Tool Tutorial

dbt Tutorial for Data Engineers

Before dbt launched in 2016, transformation layers lived inside stored procedures, Airflow PythonOperators calling raw SQL, or hand-rolled Jinja templating stitched together with cron. Tristan Handy's team at Fishtown Analytics looked at that mess and asked a simple question: what if a SELECT statement was a first-class artifact with tests, lineage, and version control baked in? The answer became dbt. Ten years later it's the default transformation layer for nearly every warehouse-native stack. This tutorial walks the concepts in roughly the order they were introduced, so you understand why each one had to exist.

2016

dbt first release

41%

SQL share of DE interviews

6

Core concepts to master

854

SQL problems you can run

Source: DataDriven analysis of 1,042 verified data engineering interview rounds.

What Is dbt?

Understanding what dbt replaced tells you what it is. Before 2016, transformation logic lived in three painful places. dbt collapsed all three into SELECT statements with lineage and tests.

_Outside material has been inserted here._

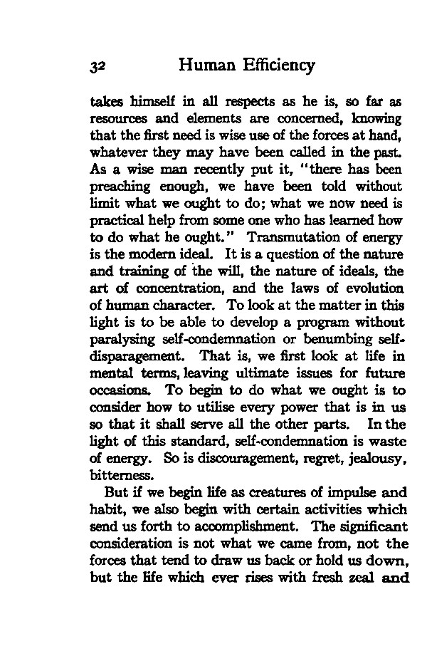 takes himself in all respects as he is, so far as resources and elements are concerned, knowing that the first need is wise use of the forces at hand, whatever they may have been called in the past. As a wise man recently put it, " there has been preaching enough, we have been told without limit what we ought to do; what we now need is practical help from some one who has learned how to do what he ought." Transmutation of energy is the modern ideal. It is a question of the nature and training of the will, the nature of ideals, the art of concentration, and the laws of evolution of human character. To look at the matter in this light is to be able to develop a program without paralysing self-condemnation or benumbing self disparagement. That is, we first look at life in mental terms, leaving ultimate issues for future occasions. To begin to do what we ought is to consider how to utilise every power that is in us so that it shall serve all the other parts. In the light of this standard, self-condemnation is waste of energy. So is discouragement, regret, jealousy, bitterness.
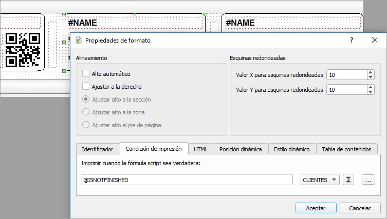 Para evitar esto, usaremos la variable de sistema @ISNOTFINISHED como condición para imprimir; evitaremos que se impriman estas etiquetas de más, mejorando el resultado final del informe.

dbt Transforms Data Inside Your Warehouse

dbt (data build tool) runs SQL transformations directly in your data warehouse. Unlike traditional ETL tools that extract data, transform it in an external system, and load it back, dbt follows the ELT pattern: your data is already in the warehouse, and dbt transforms it in place. This means you write standard SQL (with some Jinja templating), and dbt handles compiling it, running it in the right order, and managing dependencies. You do not need to learn a new language or framework. If you know SQL, you can use dbt.

SQL + Jinja = Reusable Transformations

dbt models are SQL SELECT statements with optional Jinja templating. Jinja lets you add variables, conditionals, loops, and macros to your SQL. A simple example: {{ ref('stg_orders') }} references another dbt model and automatically creates a dependency. dbt figures out the build order from these references. Macros let you write reusable SQL snippets: a date_spine macro that generates a calendar table, a deduplicate macro that removes duplicates using a standard pattern. This is how teams standardize their SQL without copying and pasting.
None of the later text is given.